The data
:::
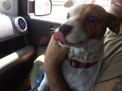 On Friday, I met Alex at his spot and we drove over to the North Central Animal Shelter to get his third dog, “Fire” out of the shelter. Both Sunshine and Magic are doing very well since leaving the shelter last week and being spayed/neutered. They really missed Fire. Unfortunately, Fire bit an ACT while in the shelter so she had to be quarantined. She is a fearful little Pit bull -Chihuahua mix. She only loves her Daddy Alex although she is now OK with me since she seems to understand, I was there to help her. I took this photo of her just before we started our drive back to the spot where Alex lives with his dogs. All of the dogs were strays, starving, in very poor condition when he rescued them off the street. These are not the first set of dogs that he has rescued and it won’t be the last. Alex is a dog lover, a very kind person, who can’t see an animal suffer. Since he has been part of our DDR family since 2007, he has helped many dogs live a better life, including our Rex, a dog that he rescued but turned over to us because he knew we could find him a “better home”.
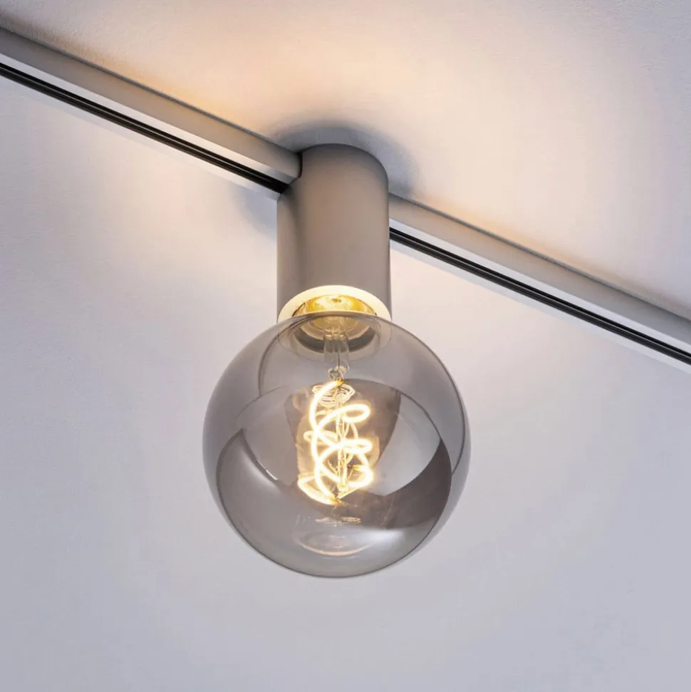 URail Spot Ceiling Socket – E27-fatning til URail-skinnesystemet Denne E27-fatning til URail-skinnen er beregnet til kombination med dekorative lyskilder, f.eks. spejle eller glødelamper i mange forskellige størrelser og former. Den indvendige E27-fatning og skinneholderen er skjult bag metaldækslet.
:::
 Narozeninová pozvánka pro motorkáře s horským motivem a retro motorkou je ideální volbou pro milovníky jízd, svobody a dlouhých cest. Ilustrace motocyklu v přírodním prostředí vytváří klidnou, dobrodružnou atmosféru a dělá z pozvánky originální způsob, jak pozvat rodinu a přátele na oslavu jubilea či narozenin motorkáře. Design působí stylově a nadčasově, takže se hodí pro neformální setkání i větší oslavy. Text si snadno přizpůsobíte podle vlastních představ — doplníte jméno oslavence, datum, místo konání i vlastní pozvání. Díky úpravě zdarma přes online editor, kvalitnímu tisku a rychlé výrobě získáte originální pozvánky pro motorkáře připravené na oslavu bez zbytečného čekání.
:::
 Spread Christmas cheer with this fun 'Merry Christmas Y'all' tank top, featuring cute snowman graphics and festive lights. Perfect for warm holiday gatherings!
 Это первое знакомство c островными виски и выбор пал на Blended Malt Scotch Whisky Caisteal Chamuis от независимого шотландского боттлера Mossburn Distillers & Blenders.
:::
Your goal
Using the entries above, write out exactly the lines from the one with "On Friday, I" through the one with "URail Spot Ceiling", ends included. Leave out any pictures.

Result of the task
 On Friday, I met Alex at his spot and we drove over to the North Central Animal Shelter to get his third dog, “Fire” out of the shelter. Both Sunshine and Magic are doing very well since leaving the shelter last week and being spayed/neutered. They really missed Fire. Unfortunately, Fire bit an ACT while in the shelter so she had to be quarantined. She is a fearful little Pit bull -Chihuahua mix. She only loves her Daddy Alex although she is now OK with me since she seems to understand, I was there to help her. I took this photo of her just before we started our drive back to the spot where Alex lives with his dogs. All of the dogs were strays, starving, in very poor condition when he rescued them off the street. These are not the first set of dogs that he has rescued and it won’t be the last. Alex is a dog lover, a very kind person, who can’t see an animal suffer. Since he has been part of our DDR family since 2007, he has helped many dogs live a better life, including our Rex, a dog that he rescued but turned over to us because he knew we could find him a “better home”.
 URail Spot Ceiling Socket – E27-fatning til URail-skinnesystemet Denne E27-fatning til URail-skinnen er beregnet til kombination med dekorative lyskilder, f.eks. spejle eller glødelamper i mange forskellige størrelser og former. Den indvendige E27-fatning og skinneholderen er skjult bag metaldækslet.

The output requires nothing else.